The implementation is a standalone library which can be used in any Java 1.5 environment. It can take full advantage of multiprocessor (SMP or NUMA) systems, and may be scaled sideways - since the interpreter and environment are stateless, an entire cluster of machines may run the interpreter in parallel without any requirement for synchronization.
Traditional, sequential programs are lists of instructions, executed in order. If an instruction needs CPU, disk or network resources, it must wait until the resource is available before continuing. Network latency, for example, is highly unpredictable and can create terrible performance problems for sequential programs. While it is possible to write complex sequential programs which optimize resource usage, it is well beyond the ability of the naive programmer. The DP language is designed to solve this problem by making parallel programming easy.
DP Programs are workflows, that is, they may be represented graphically using a boxes-and-arrows notation. In the DP language, every operation executes concurrently, whenever the necessary resources are available. This means that operations which would hold up execution waiting for resources in a traditional sequential language do not slow down a DP program at all.

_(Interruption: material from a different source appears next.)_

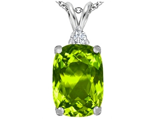 The stunning Original Star K(tm) Large 14x10mm Cushion Cut Simulated Peridot Pendant, crafted in 925 Sterling Silver. This amazing design is mounted with 1 stone prong set green-yellow Cushion Cut Simulated Peridot, 1 stone prong set colorless Round Cubic Zirconia. This style measures 10.00 mm wide, 23.00 mm long. Peridot is August Birthstone: From the Greek 'Peridona' for 'giving plenty'. A symbol of the sun, Peridot is thought to bring good luck, peace, protection and success. Free 18 inches Sterling Silver Chain included Designer: Star K - This beautiful design, is part of the exclusive Star K. jewelry collection. Star K. designs are copyrighted, so please be aware of cheap imitations selling online. Only original Star K. creations are made using the highest quality materials and craftsmanship, backed by an exclusive Lifetime Warranty. Warranty: - This item is covered by Finejewelers exclusive Silver Shield Lifetime Warranty. This exclusive lifetime coverage is offered ONLY by Finejewelers so please shop with confidence, our quality is guaranteed for life!

We chose to make our source language almost identical with GraphViz, which builds this same textual representation into JPEG or other images. Debugging output from the interpreter is also in GraphViz format, and may be easily rendered and read without deep understanding of the machine.
The core language, documented here, includes some basic operators for processing and network operations. Additional operators are easy to develop using the framework provided.
The entire interpreter is provided as an API. It may be executed on the commandline, using a job server (available, but not documented here), embedded in a query server (also available, but not documented here), an RPC daemon (under development) or anywhere else that it may be useful. It consumes no resources when idle, and only those resources specified when active.
While in informal workflows, arrows may be implicitly typed or may simply indicate a relation, the DP language permits explicit typing of each arrow. Any Java type may be used; the DP interpreter does not have to be made aware of every type in the system, although it can make certain inferences about types if they are registered. If types are specified, programs may be typechecked at compile-time.